--- GIVEN ENTRIES ---
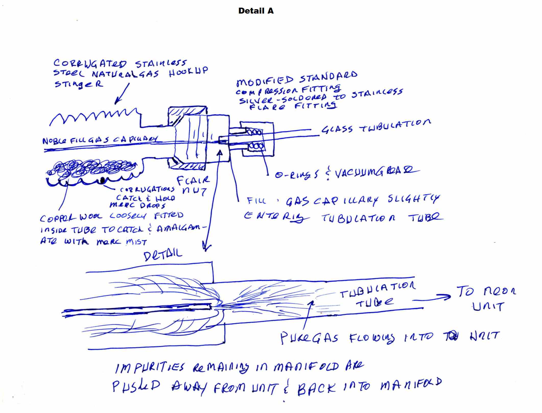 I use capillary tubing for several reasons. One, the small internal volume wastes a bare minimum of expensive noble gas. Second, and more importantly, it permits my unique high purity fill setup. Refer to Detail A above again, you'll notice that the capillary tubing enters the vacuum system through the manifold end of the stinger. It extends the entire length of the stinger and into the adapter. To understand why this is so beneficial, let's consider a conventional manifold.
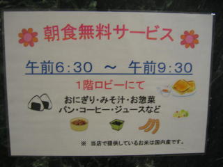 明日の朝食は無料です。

...

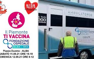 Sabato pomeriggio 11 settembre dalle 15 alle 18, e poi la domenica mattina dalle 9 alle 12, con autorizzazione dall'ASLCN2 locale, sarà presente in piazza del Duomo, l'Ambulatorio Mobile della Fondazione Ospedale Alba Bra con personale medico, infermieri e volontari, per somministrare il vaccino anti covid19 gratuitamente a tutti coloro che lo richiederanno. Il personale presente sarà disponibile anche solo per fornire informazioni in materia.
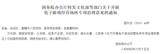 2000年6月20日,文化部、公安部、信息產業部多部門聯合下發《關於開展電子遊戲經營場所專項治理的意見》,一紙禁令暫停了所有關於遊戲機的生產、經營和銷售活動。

--- EXERCISE INSTRUCTIONS ---
Using the entries above, reproduce word for word only the lines from the one that contains "I use capillary" to the one that contains "明日の朝食は無料です。", both ends included, and drop every picture.

--- SOLUTION TO THIS EXERCISE ---
 I use capillary tubing for several reasons. One, the small internal volume wastes a bare minimum of expensive noble gas. Second, and more importantly, it permits my unique high purity fill setup. Refer to Detail A above again, you'll notice that the capillary tubing enters the vacuum system through the manifold end of the stinger. It extends the entire length of the stinger and into the adapter. To understand why this is so beneficial, let's consider a conventional manifold.
 明日の朝食は無料です。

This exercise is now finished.